3Le grand changement du XVIe siècle est l’ouverture de la route maritime entre l’Europe et l’Asie par le cap de Bonne-Espérance. Il est désormais possible de transporter de grandes quantités de marchandises depuis l’Orient vers l’Occident, en évitant les transbordements de cargaisons et les recours à des intermédiaires, toujours coûteux, et en évitant aussi les dangers de la route traditionnelle, en partie terrestre. À l’époque, les Européens demandent surtout des épices : les Portugais, maîtres de la route maritime, en transportent chaque année environ 70 000 quintaux, dont 20 000 à 30 000 de poivre, 10 000 à 20 000 de cannelle, clou de girofle, muscade, gingembre, et autres épices en quantités plus réduites. Mais les Portugais ne sont pas les seuls ; la route par le cap de Bonne-Espérance concurrence vigoureusement la route traditionnelle, sans entraîner toutefois sa disparition, si bien qu’aux quantités apportées par les Portugais, il faut ajouter celles, à peu près aussi importantes, amenées par les Vénitiens qui sont parvenus à s’adapter aux nouvelles règles du marché en abaissant les coûts et en achetant des épices de qualité supérieure. La nouveauté du XVIe siècle est donc l’ouverture du marché des épices à de nombreux acheteurs européens en raison de la diminution des prix. Les « marchands épiciers » tiennent maintenant boutique dans la plupart des villes d’Europe ; les épices prennent une place importante dans la cuisine et elles servent à relever le goût des plats dont la saveur paraîtrait bien forte à nos contemporains ; le poivre est largement utilisé pour assurer la conservation de la viande. Et il y a bien d’autres utilisations, ainsi à la Cour de France, sous le règne de Henri IV, on prise le poivre pour déboucher le nez !

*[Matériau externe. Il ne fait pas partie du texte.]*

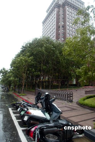 台风笼罩下的台北空旷的街道偶尔有摩托车经过
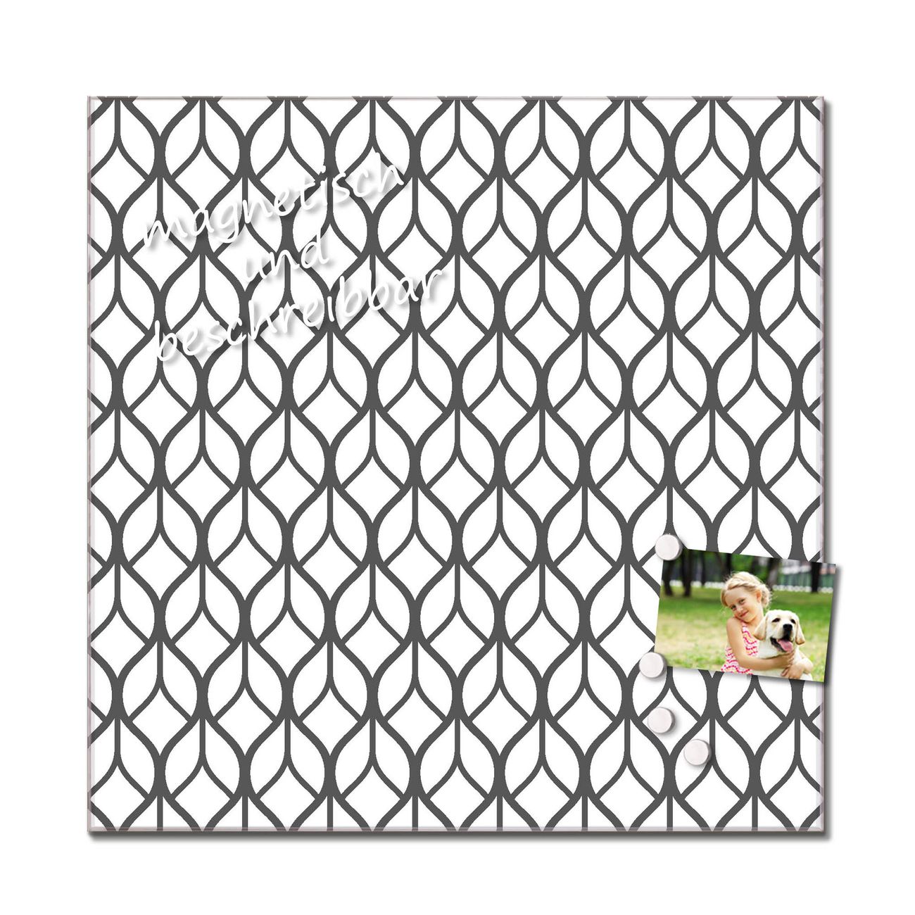 Bitte beachten Sie, dass ausschließlich spezielle Magnete an der Glastafel haften! Wir empfehlen banjado Neodym Magnete, diese sind durch uns auf Wirksamkeit geprüft.
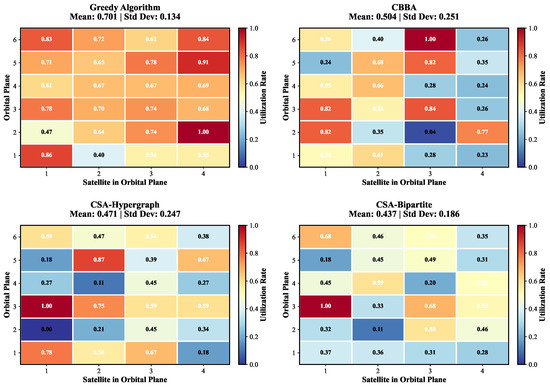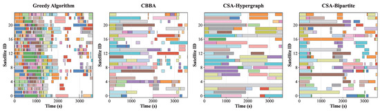 All algorithms achieve success rates exceeding 90%, with the CSA-Hypergraph method achieving the highest success rate of 98.8%, indicating its ability to reliably satisfy dual-satellite observation constraints (Equation (32)) and satellite resource constraints (Equation (33)) under normal conditions. The differences in success rates mainly stem from algorithms’ strategies in handling resource conflicts: the CSA-Hypergraph method avoids local resource competition through global optimization, while the greedy algorithm may result in some targets being unable to obtain sufficient observation resources due to its first-come-first-serve allocation strategy.
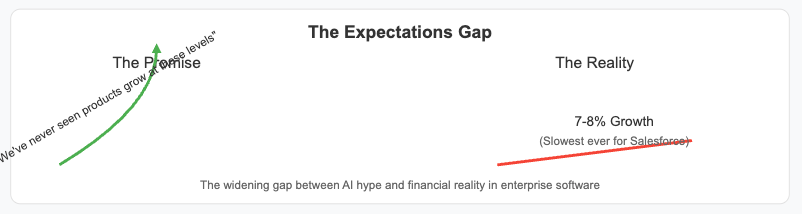 In a gleaming San Francisco conference room last month, Salesforce CEO Marc Benioff enthusiastically declared 2025 as the "absolute year of Agentforce," claiming the AI-powered platform was growing at unprecedented rates. Just minutes later, CFO Amy Weaver delivered a sobering counterpoint: expect only "modest" Agentforce sales and the company's slowest-ever growth rate of 7-8%.
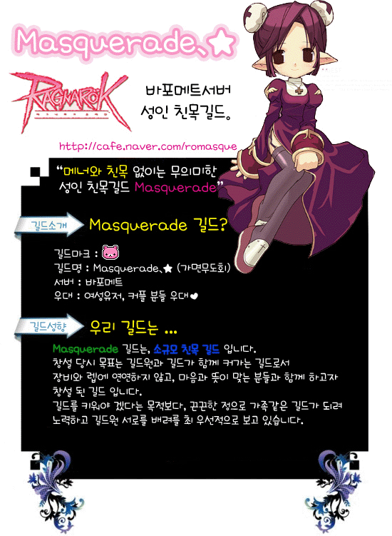 바포메트 서버 신생 친목길드 Masquerade 에서 새로운 식구를 모집 합니다.
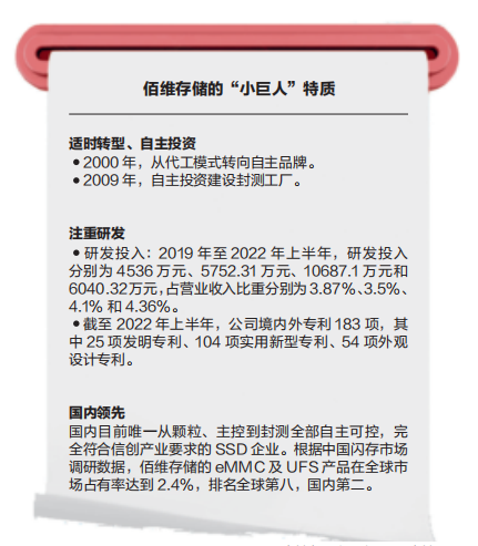 在专利方面,截至2022年上半年,佰维存储共取得境内外专利183项,其中25项发明专利、104项实用新型专利、54项外观设计专利,范围涵盖公司研发及生产过程中的各个关键环节。在技术实力和市场地位不断提升的基础上,佰维存储已经成为国内半导体存储器行业中首批入选专精特新“小巨人”的企业。
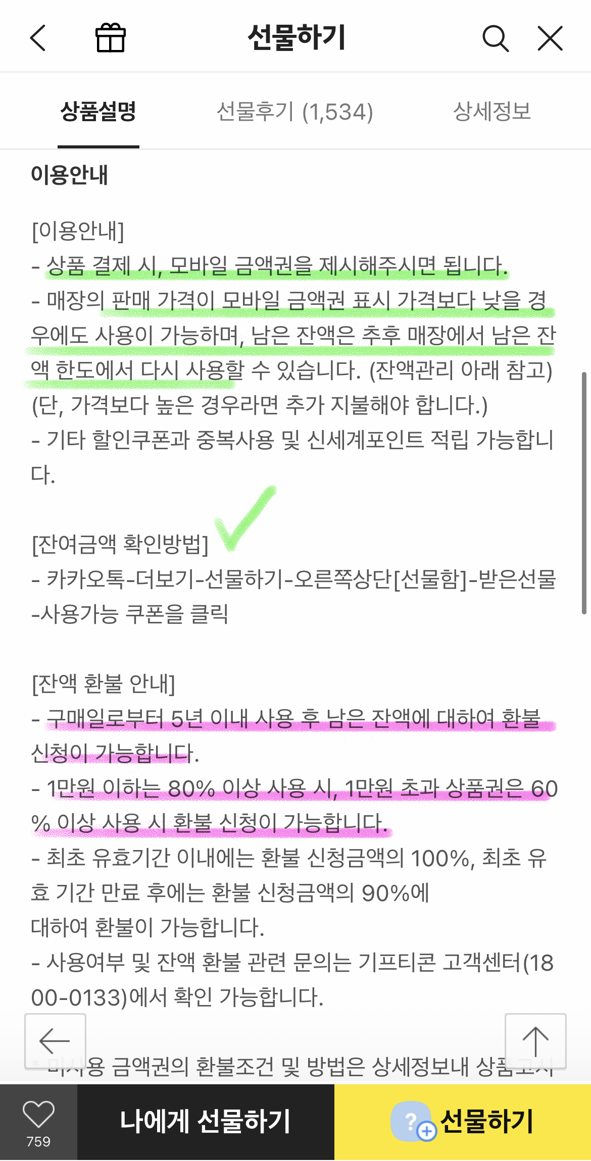 카카오 선물하기에도 써있네요.

4Au début du XVIIe la demande est tellement importante que les Portugais n’arrivent plus à la satisfaire. D’autres puissances maritimes, d’abord les Hollandais et les Anglais, puis ensuite les Français, les Danois et les Suédois, se rendent en Asie par la route du Cap. Ils y découvrent les cotonnades, déjà connues en Europe, mais considérées comme un produit de grand luxe, réservé aux princes et autres riches seigneurs qui les utilisent comme un élément du mobilier et du décor, ainsi pour recouvrir des sièges ou bien faire des rideaux. L’arrivée de grandes quantités de cotonnades (en 1684, les Britanniques transportent un million de pièces), vendues à des prix qui les rendent accessibles à tous, amènent les Européens à les utiliser dans le vêtement. Ce sont des étoffes faciles à laver, conservant leur couleur à l’usage, beaucoup plus agréables à porter que les étoffes de laine utilisées jusqu’alors. C’est un changement considérable et rapide du mode de vie : « En moins de vingt ans, assure un Britannique en 1699, nous avons vu les cotonnades devenir le principal ornement de nos plus aimables mignons. Tous, depuis le petit maître le plus apprêté jusqu’à la cuisinière la plus vulgaire, pensent qu’ils ne peuvent s’en passer. » C’est la naissance de la mode !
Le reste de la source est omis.